At the conference, John Ortberg talked about the contributions Jesus' followers have made: most of our hospitals, universities, orphanages, soup kitchens, and relief missions were started by Christians because they took seriously Jesus' teaching that everyone (including women) should learn, that sick and disabled people were to be fed and cared for (not drowned as in Roman "civilization"), and that all races should work together equally despite differences. Many cultures have alphabets and literacy today only because of the dedicated work of Bible translators. Take away the church, and we wouldn't have the Red Cross, World Vision, Compassion, YMCA, Habitat for Humanity, MCC, MEDA, Mennonite Disaster Service, Canadian FoodGrains Bank, or the Salvation Army.   

And then there's the more personal side to the church's care. Former H-P CEO Carly Fiorina said when a room full of thousands of people prayed for her after she spoke at the 2007 Summit, she felt "elevated" and as she went on to endure aggressive cancer, treatments, and her daughter's death, the "sweet peace" from that moment never left her.

The church has its class bullies, but we don't shut down the educational system because of the bad teachers and the big kids in the back of history's bus; why write off the church?

So, if I had a time machine (and a lot more clout), I'd go back to the Summit, and at least for half the day, kick out half the pastors and invite in the poets (and their nonliterary, cynical cousins), the women hanging out in the front of the Elmwood apartments across the street, the cartoonists with the stinging satires of the church, and the people who pass them around on Facebook, and asked them what they thought of the speakers' stories.

Instead of asking church leaders how we can become better, I'd ask the poets how the church had hurt them.
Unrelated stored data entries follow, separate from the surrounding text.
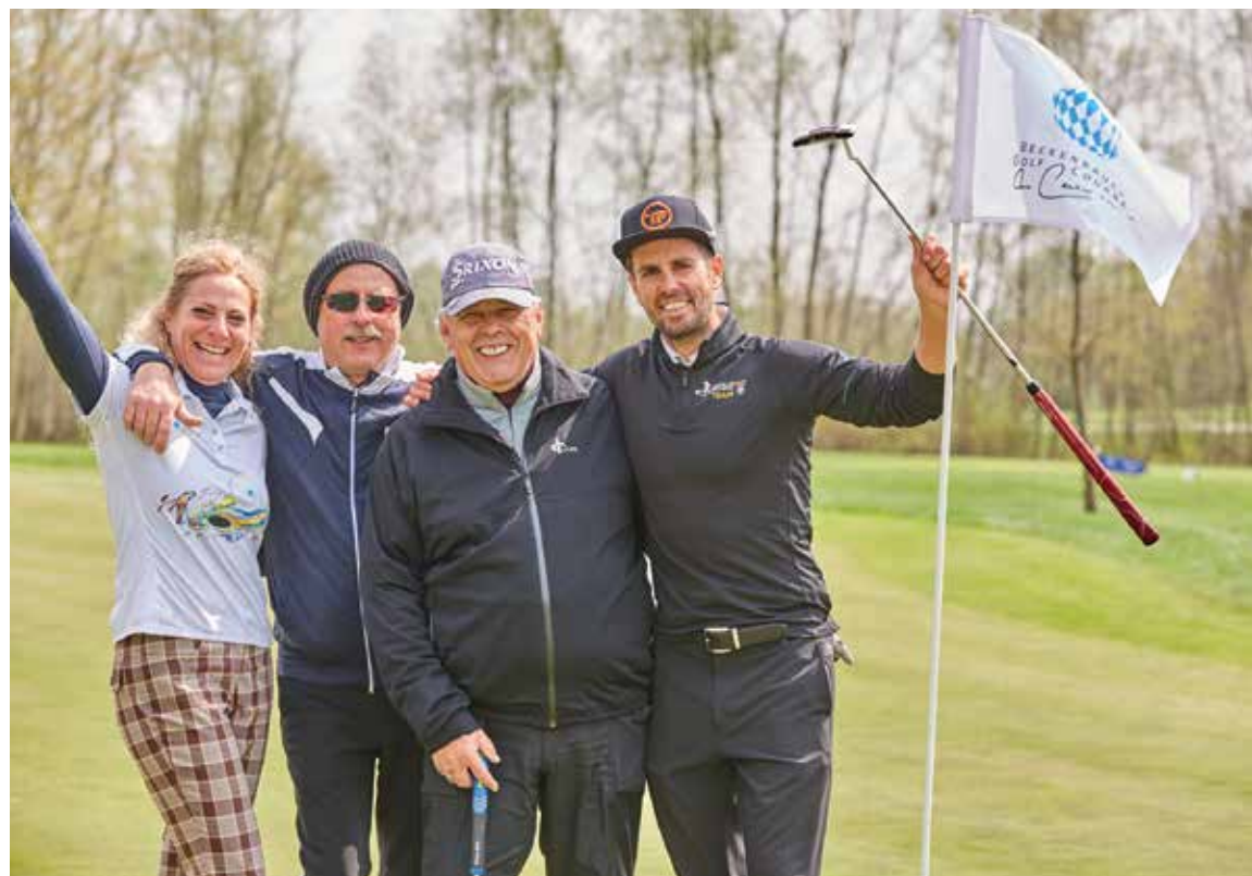
Traditioneller Start in die Golf-Saison mit viel Spaß und guter Laune: das Golf Opening mit dem EAGLES Charity Golf Club im Quellness & Golf Resort Bad Griesbach.

Im Mittelpunkt des Golf Resort Bad Griesbach befindet sich das Trainingszentrum Golfodrom®. Hier beginnen mit dem Saisonstart auch wieder die kostenlosen Angebote: Das Schnuppergolfen findet jeden Dienstag von 15 bis 16 Uhr statt, am Sonntag,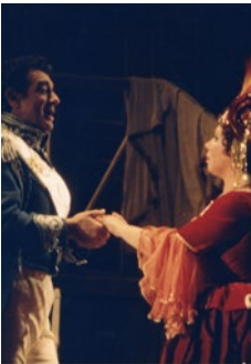
Plácido Domingo, Mirrella Freni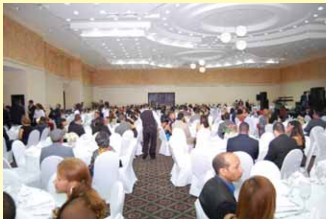
Invitados especiales que asistieron a la gran celebración.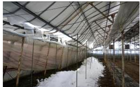
雪の重みで鉄骨ハウスが破損(奥州市)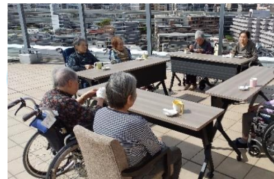
1階西北鯉のぼりクレープレク

And how we could elevate them with prayer.

On second thought, I'd move the Summit from the cramped church to a convention centre so the pastors and everyone else could fit, so the people who will never enter a church building would come because when people say, "The church is the hope of the world," they don't mean the building or the organization.

As I was complaining about all this to my pastor at a session break, a man came up to us, and asked my pastor why he was at the conference. He knew Marv from Toastmasters, but he had no idea he was a pastor. (Marv's so involved in community groups outside church and so approachable, this didn't surprise me, and it made me extra proud.) I asked the gentleman why he was here, and he answered, "If my wife hadn't brought me to this conference last year, I wouldn't have come back to the church." It was uncanny the way I was forced to eat my words as soon as they came out of my mouth. Not everyone there had heard it all before. But it confirmed my conviction that if more disgruntled-with-church people came, it could change their minds.  

But if I had a time machine, I wouldn't go back and undo the moments people were hurt, however much that would pain me. Because the church needs to learn from those mistakes. And (like Carly Fiorina says), in everything (even pain) there is a gift. Often it's a story.

If I had a time machine, I'd go back and watch everybody's stories unfold. And, however dissatisfied I am with what life throws them, I wouldn't give up before their happy ending.